Hackers Warn They'll Release Game of Thrones Content Online
Posted 2017/08/02 2134 0
HBO has reportedly been robbed of its unreleased digital content.
In an email to journalists, the hacker or hackers claimed to have obtained 1.5 terabytes of data from HBO, according to Entertainment Weekly, which broke the news. Unaired episodes of “Ballers” and “Room 104” may have been published online, and the hacker vowed more would be “coming soon,” the magazine reported. Per EW, the email read:
“Hi to all mankind. The greatest leak of cyber space era is happening. What’s its name? Oh I forget to tell. Its HBO and Game of Thrones……!!!!!! You are lucky to be the first pioneers to witness and download the leak. Enjoy it & spread the words. Whoever spreads well, we will have an interview with him. HBO is falling.”
HBO is not commenting on what content might have been stolen, confirming specific titles or the amount of data accessed. This morning, HBO chairman and CEO Richard Plepler sent an email to HBO employees alerting them of the breach.
“As most of you have probably heard by now, there has been a cyber incident directed at the company which has resulted in some stolen proprietary information, including some of our programming,” he wrote. “Any intrusion of this nature is obviously disruptive, unsettling, and disturbing for all of us. I can assure you that senior leadership and our extraordinary technology team, along with outside experts, are working round the clock to protect our collective interests. The efforts across multiple departments have been nothing short of herculean. It is a textbook example of quintessential HBO teamwork. The problem before us is unfortunately all too familiar in the world we now find ourselves a part of. As has been the case with any challenge we have ever faced, I have absolutely no doubt that we will navigate our way through this successfully.”

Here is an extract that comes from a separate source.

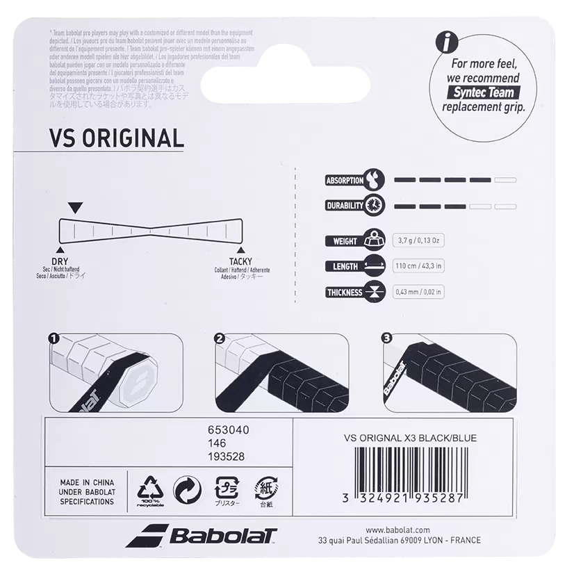 Намотка VS Original может быть рекомендована широкому спектру игроков- начиная от детей и юниоров и до профессиональных игроков. черный

If hackers succeed in spoiling plot details, it would not be the first time for “Game of Thrones.” In 2015, the first four episodes of the fifth season were leaked online before they aired. HBO, which is owned by media giant Time Warner Inc., is just the most recent entertainment company to endure threats from cybercriminals. In May, hackers claimed to have stolen Walt Disney Co.’s “Pirates of the Caribbean: Dead Men Tell No Tales” and demanded ransom, though that hack turned out to be a hoax, according to Disney CEO Robert Iger.
In another major recent incident, Netflix was attacked by a hacker known as the Dark Overlord, who uploaded episodes from the new season of “Orange Is the New Black” after the company refused to pay the ransom.
The most devastating example of a Hollywood cyberbreach remains the 2014 attack on Sony Pictures Entertainment that was blamed on North Korea. That attack came as Sony was about to release the comedy “The Interview,” about a fictional attempt to assassinate North Korean leader Kim Jong Un. It began by crippling Sony’s computer systems and uploading yet-to-be released movies online; it went on to expose embarrassing emails between executives and movie producers.